Германские судебники предусматривали виновных в отравлении сжигать заживо. Во Франции в 1862 году был принят эдикт, согласно которому казнили даже тех, кто пытался совершить убийство с помощью яда. «Под страхом смертного наказания» король запрещал хранить яды даже врачам и аптекарям.
Но, как известно, отравители не перевелись. Они продолжают совершать тихие убийства по сей день.
Доктор «Смерть»
В середине дня 26 января 1948 года в филиал токийского «Империал-Банк Шиинимаки» вошел мужчина и представился доктором Хиро Ямагучи из Отдела благосостояния. Банк закрывался через несколько минут, и последние посетители уже ушли. Ямагучи провели в кабинет управляющего. Доктор объяснил, что американские оккупационные войска генерала Макартура обеспокоены распространением эпидемии дизентерии, и каждый служащий банка должен принять лекарство против этой болезни.
Управляющий, мистер Ешида, вызвал 14 служащих в кабинет и представил доктора. Тот велел им принести свои чайные чашки и налил каждому небольшое количество какой-то жидкости из бутылки, сказав, чтобы они проглотили ее как можно быстрее. Что они и сделали.
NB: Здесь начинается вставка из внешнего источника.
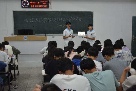 (通讯员 刘天雅 刘钬桥 史庆潇)为厚植爱农情怀,引导新生深入了解国情农情,并鼓励其积极参与社会实践活动,M88官方网站暑期三下乡社会实践服务队于10月11日晚19点,走进新生自习室举行2024年暑期“三下乡”社会实践活动分享会。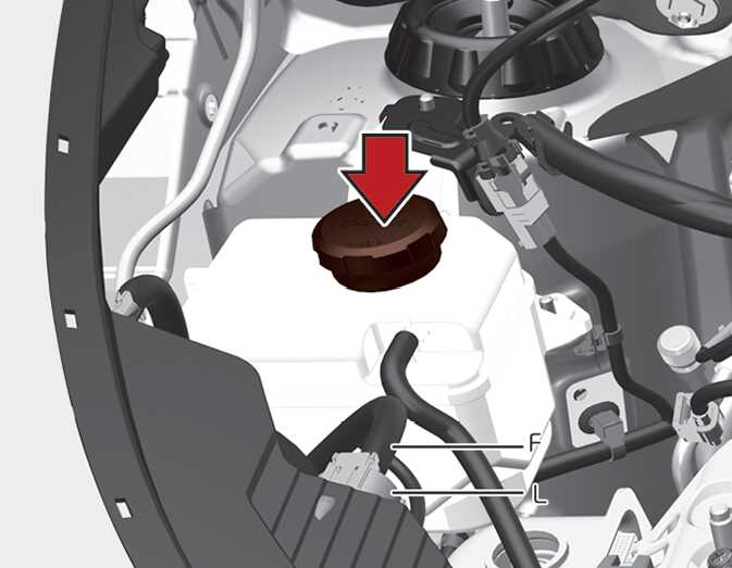 냉각수의 양은 엔진이 차가울 때 냉각수 보조 탱크 옆면에 표시되어 있는 최대선(F)과 최소선(L)사이에 있어야 합니다.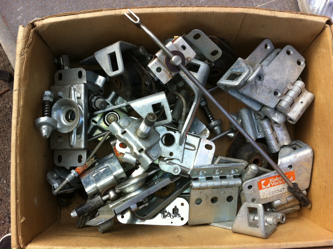 Nån som vet av nån som kan vara intresserad? Mest gångjärn och motorhuvslås, nån fönstervev också.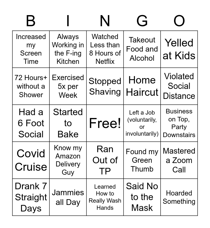 This bingo card has a free space and 29 words: Drank 7 Straight Days, Gained 19 Pounds, Started to Bake, Juggling 2+ Jobs, Increased my Screen Time, Watched Less than 8 Hours of Netflix, Exercised 5x per Week, Know my Amazon Delivery Guy, Left a Job (voluntarily, or involuntarily), Jammies all Day, Business on Top, Party Downstairs, Hoarded Something, Learned How to Really Wash Hands, Said No to the Mask, Violated Social Distance, Sneezed or Coughed In Public, Ran Out of TP, Covid Cruise, Yelled at Kids, Had a 6 Foot Social, Found my Green Thumb, Did Something Artistic, Home Haircut, 72 Hours+ without a Shower, Takeout Food and Alcohol, Always Working in the F-ing Kitchen, Mastered a Zoom Call, Stopped Shaving and Made Summer Plans.
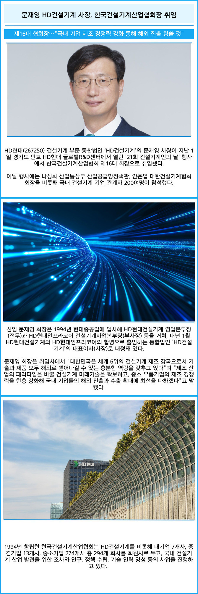 [프라임경제] HD현대(267250) 건설기계 부문 통합법인 'HD건설기계'의 문재영 사장이 지난 1일 경기도 판교 HD현대 글로벌R&D센터에서 열린 '21회 건설기계인의 날' 행사에서 한국건설기계산업협회 제16대 회장으로 취임했다.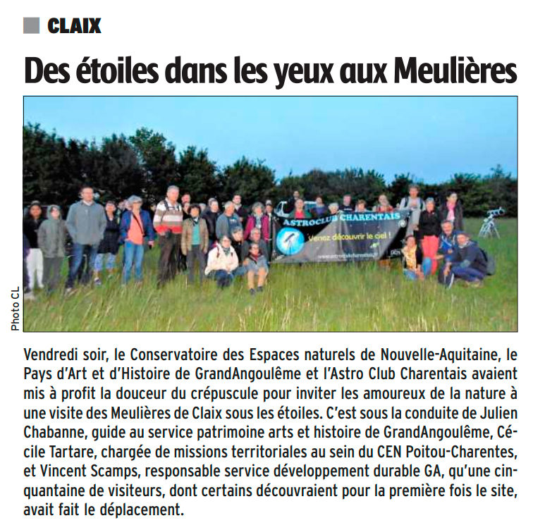 Le 6 mai 2022, le Grand Angoulême a organisé une sortie sur le site protégé des Meulières à Claix / Roullet St-Estèphe pour une cinquantaine de personnes. Cette sortie s’est articulée autour de deux particularités.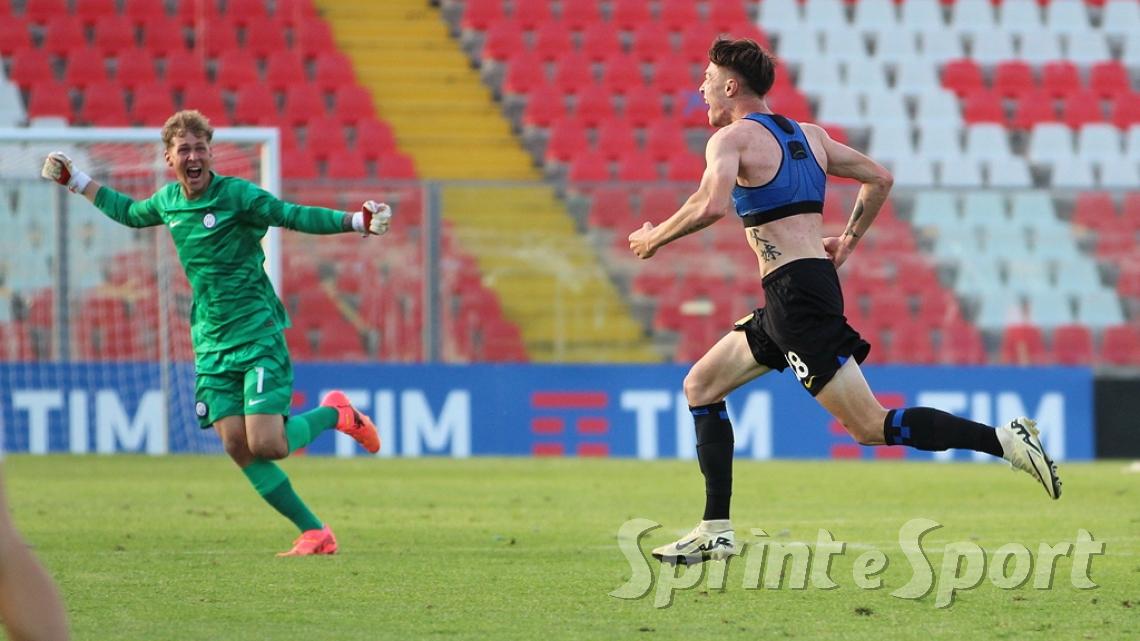 Un modo più assurdo per cominciare l'edizione 2024 delle Finali Nazionali non era minimamente immaginabile. Inter-Genoa è la gara di apertura della kermesse che, nelle Marche, mette in mostra il meglio del calcio giovanile italiano. E, dopo 120 minuti di follia, è anche la gara che diventa automaticamente una delle semifinali più incredibili di sempre. Con l'Inter che all'intervallo è in vantaggio di due reti con il 3-1 maturato grazie ai gol di Venturini, Lavelli, De Pieri e al momentaneo 1-1 di Deseri, e con il Genoa che nella ripresa rimedia prima con Ekhator e poi con Lattari, quando tutto sembra perduto. Il 3-3 al 90' consegna il match ai supplementari, e la sfida decolla ulteriormente. Negli extra-time - con il Grifone costretto a vincere per passare il turno - infatti succede di tutto: il gol di Venturino che vale il sorpasso rossoblù, l'espulsione di Lattari, il gol da 30 metri di Spinaccè che fa esplodere il mondo Inter, l'espulsione dello stesso Spinaccè (a cui poi verranno sommati i cartellini rossi a Carbone dalla panchina e al dirigente Cuccubita), e infine il gol di Arata a mettere fine ai 120 minuti più belli di tutta la stagione. In finale ci va il Genoa. Martedì, al Del Conero di Ancona, ad attendere i ragazzi di Gennaro Ruotolo ci sarà la Roma, che ha battuto l'Atalanta nell'altra semifinale e che ora sogna il terzo Scudetto consecutivo dei classe 2006.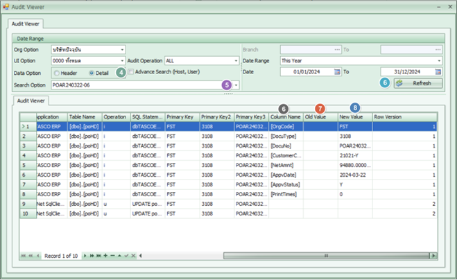 หน้าจอ Audit Viewer: กรณีต้องการดูแบบเชิงลึกว่าข้อมูลที่เปลี่ยนแปลงมีค่าข้อมูลอะไรบ้าง

Спустя несколько минут все были мертвы: «доктор» дал им раствор цианистого калия. Он забрал деньги — около 400 долларов — и вышел из банка, оставив 12 мертвых человек на полу кабинета. Троим, в том числе и управляющему, удалось спастись.
На следующий день после убийства неизвестный мужчина получил деньги по чеку, украденному из банка. И хотя самому ему удалось уйти, в банке он оставил визитку с именем «Доктор Сигеру Мацуи». Но, как оказалось впоследствии, Мацуи никакого отношения к отравлению не имел: просто его визиткой воспользовался кто-то иной. Но как она оказалась у него?
Вскоре выяснилось, что доктор Мацуи участвовал в работе одной из медицинских конференций и обменялся с коллегами своими визитками. Когда полиция начала проверку, то выяснила, что одним из тех, кто получил визитку Мацуи, оказался художник Салимаха Хирасава. Он как раз подходил под описание отравителя: у него была родинка на щеке и шрам на подбородке.
Сначала Хирасава показался крайне маловероятным претендентом на роль обвиняемого: респектабельный художник, глава художественной ассоциации. Однако оставшиеся в живых служащие банка опознали в нем «доктора».
Хирасаву приговорили к смерти, но этот приговор заменили на пожизненное заключение.